Я теперь в старом гнезде дворников и ямщиков-троечников, доживающих свои последние дни, и слышу постоянно то жалобные, то бессильно злобные разговоры о подъедающей их чугунке; впрочем, разговоры эти принимают большей частию грустно-насмешливый тон, наиболее свойственный русскому характеру. В Петушках почтовая станция и постоялые дворы. В настоящее время это вещи - отслужившие уже свой век и за негодностию оставляемые; никто о них не заботится так усердно, как прежде, на всем как будто написано: "Пора на покой, потому что там, за лесом, уже давно дымится паровоз и поет вам вечную память". Но и тут предприимчивость и оборотливость, свойственные владимирцу, выручают его: ямщик распродает лошадей и берет подряд на железной дороге, дворник вдруг становится лесопромышленником и поставляет шпалы и бревна для построек.
В Петушках, на постоялом дворе, куда нас привезли, ужасно жарко натоплено; самовар стоит на столе, за столом сидит мой попутчик - покровский купец, он же и подрядчик; рядом с ним сам хозяин - диорник, молодой мужик, лет 30, с необыкновенно хитрыми и улыбающимися глазами; тут же у стола, опершись на локотки, сидит молодая красивая женщина - хозяйка, и слушает. Мой попутчик оказался коротким приятелем хозяина и разболтался с ним так, что я просто не узнаю в нем моего молчаливого компаниона. Он убеждает хозяина ехать с ним вместе во Владимир на торги, хозяин отнекивается и не желает отказать наотрез, - заговаривает о другом; вообще заметно, что молодой хозяин в хорошем расположении духа; дела, должно быть, идут хорошо, а потому он нежится и говорить даже ни о чем серьезном не хочет, а так, пересыпает из пустого в порожнее.
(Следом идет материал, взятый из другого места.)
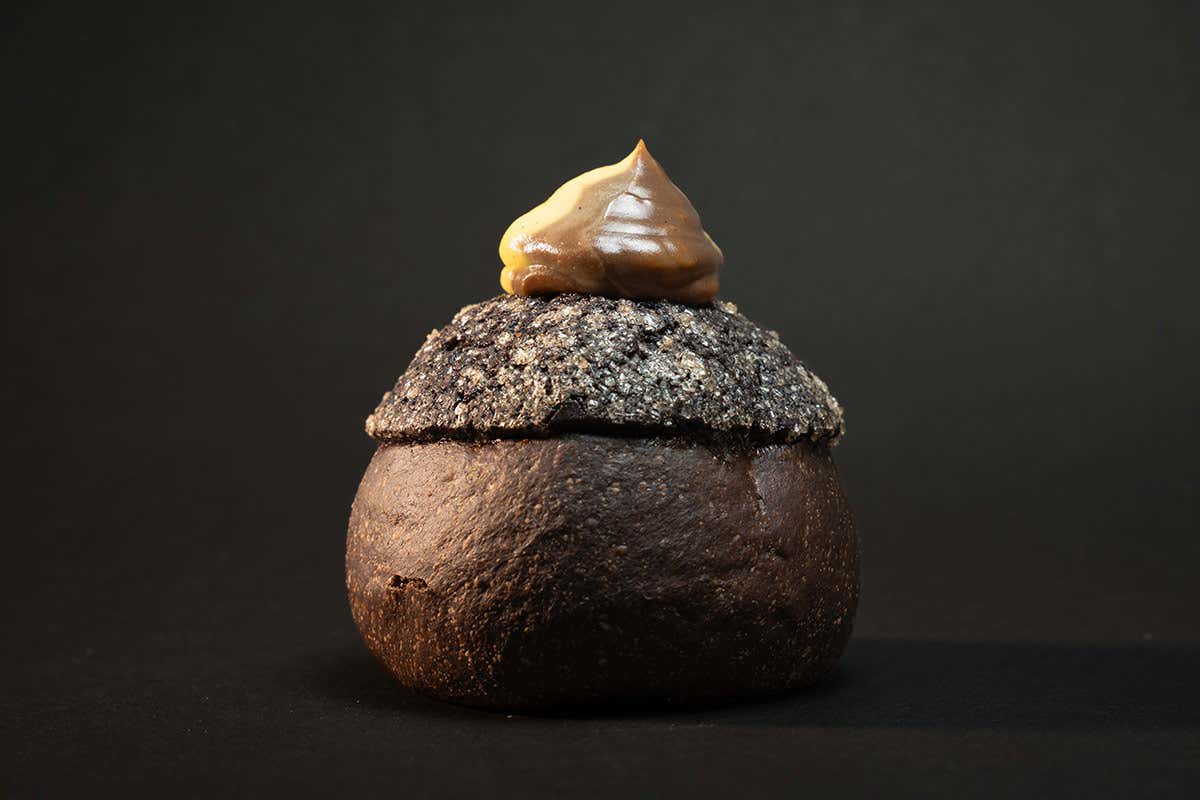 La Veneziana Blackery firmata da Leonardo Di Carlo è una reinterpretazione contemporanea di un grande classico della colazione italiana, in cui tecnica, ricerca e materia prima si incontrano. L’impasto brioche, realizzato con la miscela al cacao Blackery Forte di Molino Dallagiovanna, si distingue per struttura soffice e profonda aromaticità, frutto di una lavorazione attenta e di una lunga lievitazione che ne esalta fragranza e digeribilità.

Сидит он на диване и щурится, как жирный кот; одной рукой он облокотился на стол, а другой ерошит себе волоса и часто с наслаждением потирает глаза, как будто его клонит ко сну. Купец снял кафтан и остался в одной розовой рубашке, подпоясанной на совершенно круглом, как арбуз, животе. Он говорит скоро, тонким фальцетом, вздыхает и по временам дружелюбно заигрывает с хозяйкою. Хозяйка - очень красивая женщина, высокая, стройная, черты лица ее почти правильные, чисто русская красота. Она разливает чай, и по ее обращению с мужем заметно, что она у него не в загоне. Она часто улыбается доброй, продолжительной и несколько задумчивою улыбкою; говорит, как и все здешние женщины, нараспев.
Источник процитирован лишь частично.